GOAL OF THE EXERCISE: Any picture in the listing is left out of the copy; all else is duplicated exactly.

MATERIAL PROVIDED:
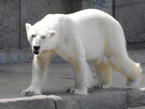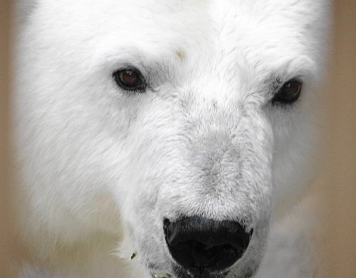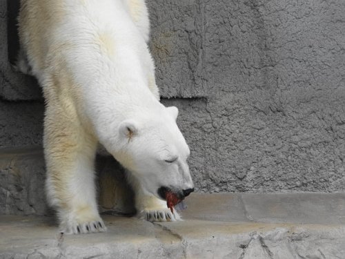放飼場の清掃中、隣室で軽食のララ。「きれいだ~」という感嘆の声が...
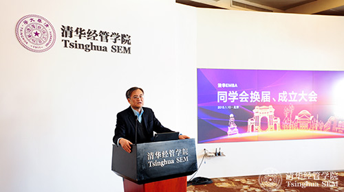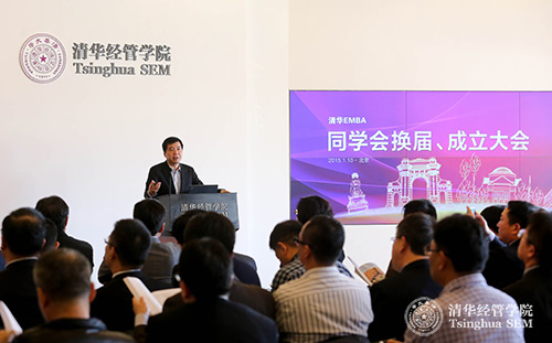 2015年1月10日,近200位清华EMBA各地各级同学会骨干理事齐聚威尼斯432888cam,共同参加2015年度清华EMBA同学会换届、成立大会。舜德楼418教室四周张贴了温馨动情的标语:“服务校友,快乐自己”、“集资集力集心集智”等清华EMBA同学会工作的理念和宗旨字字彰显出清华EMBA大家庭的凝聚力。“2015我们在一起”更是道出了每一位清华EMBA学子的心声。威尼斯432888cam院长钱颖一教授,EMBA教育中心主任王勇博士,学院校友办主任王海涛老师,EMBA教育中心副主任贾莉老师、孙美琦老师出席了此次会议。大会由孙美琦老师主持。
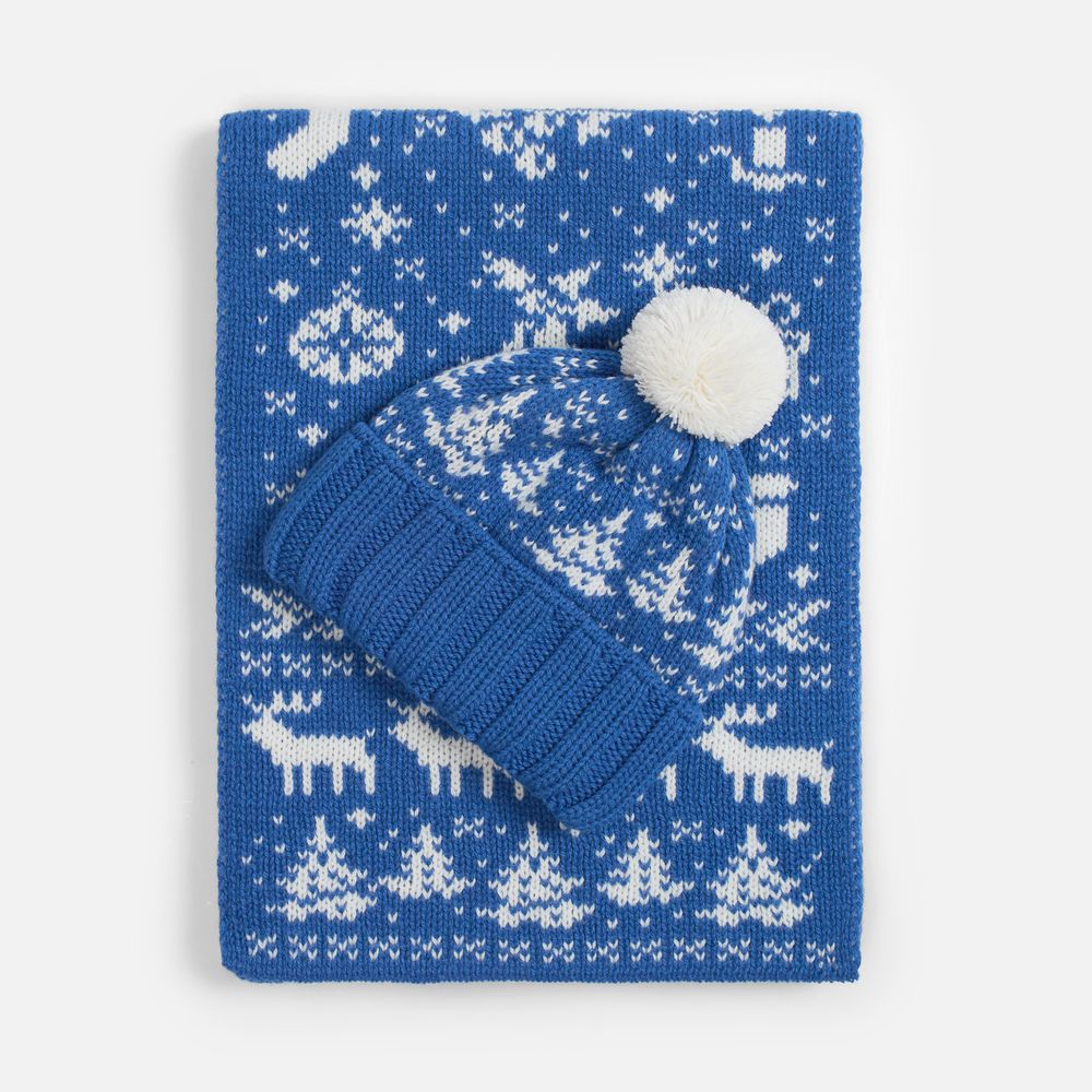 Шапка Holidale, синяя с молочным купить оптом и в розницу с нанесением логотипа в Санкт-Петербурге

SOLUTION:
放飼場の清掃中、隣室で軽食のララ。「きれいだ~」という感嘆の声が...
 2015年1月10日,近200位清华EMBA各地各级同学会骨干理事齐聚威尼斯432888cam,共同参加2015年度清华EMBA同学会换届、成立大会。舜德楼418教室四周张贴了温馨动情的标语:“服务校友,快乐自己”、“集资集力集心集智”等清华EMBA同学会工作的理念和宗旨字字彰显出清华EMBA大家庭的凝聚力。“2015我们在一起”更是道出了每一位清华EMBA学子的心声。威尼斯432888cam院长钱颖一教授,EMBA教育中心主任王勇博士,学院校友办主任王海涛老师,EMBA教育中心副主任贾莉老师、孙美琦老师出席了此次会议。大会由孙美琦老师主持。
 Шапка Holidale, синяя с молочным купить оптом и в розницу с нанесением логотипа в Санкт-Петербурге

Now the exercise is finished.